* [INPUT DATA]:
((

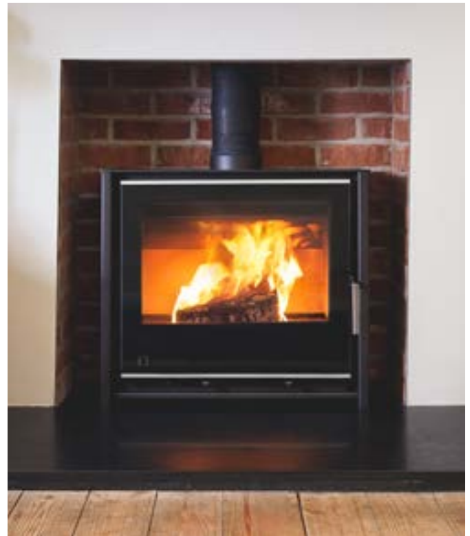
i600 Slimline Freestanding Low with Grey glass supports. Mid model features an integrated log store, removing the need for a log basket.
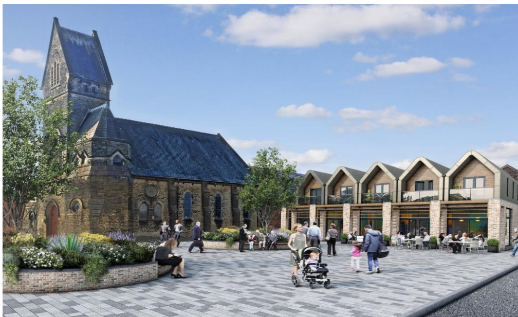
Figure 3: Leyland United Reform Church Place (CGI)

))
((

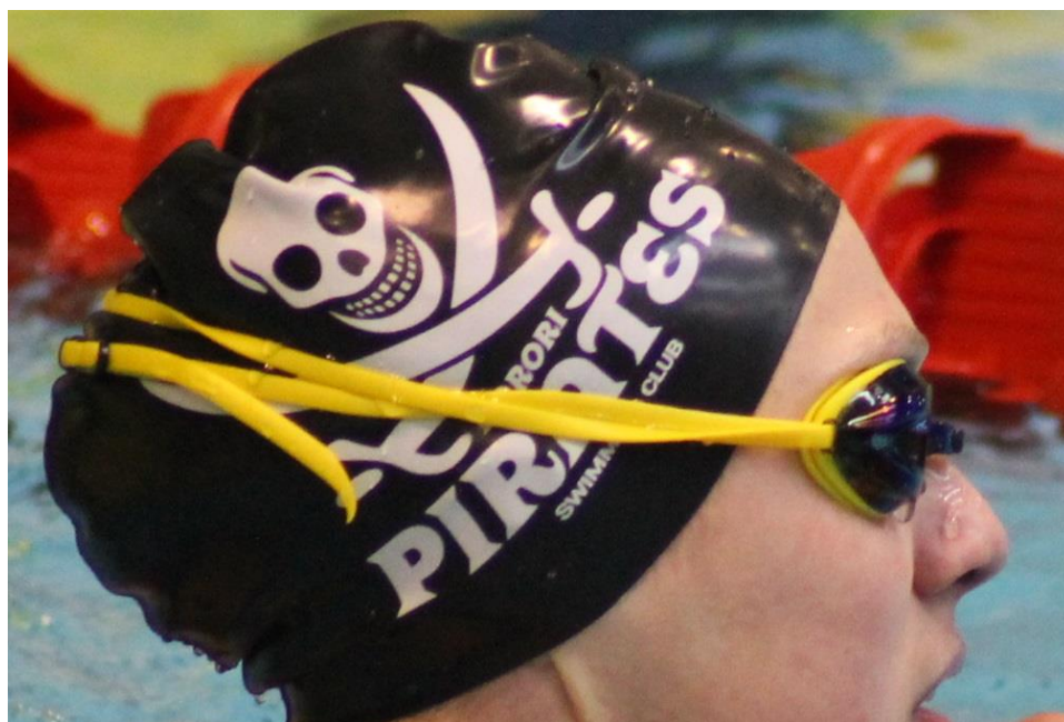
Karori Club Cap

))

* [EXERCISE DETAILS]:
Set down again, word for word, every line from the one with "i600 Slimline Freestanding" to the one with "Figure 3: Leyland" in the entries above, and omit the pictures.

* [WRITTEN SOLUTION]:
i600 Slimline Freestanding Low with Grey glass supports. Mid model features an integrated log store, removing the need for a log basket.
Figure 3: Leyland United Reform Church Place (CGI)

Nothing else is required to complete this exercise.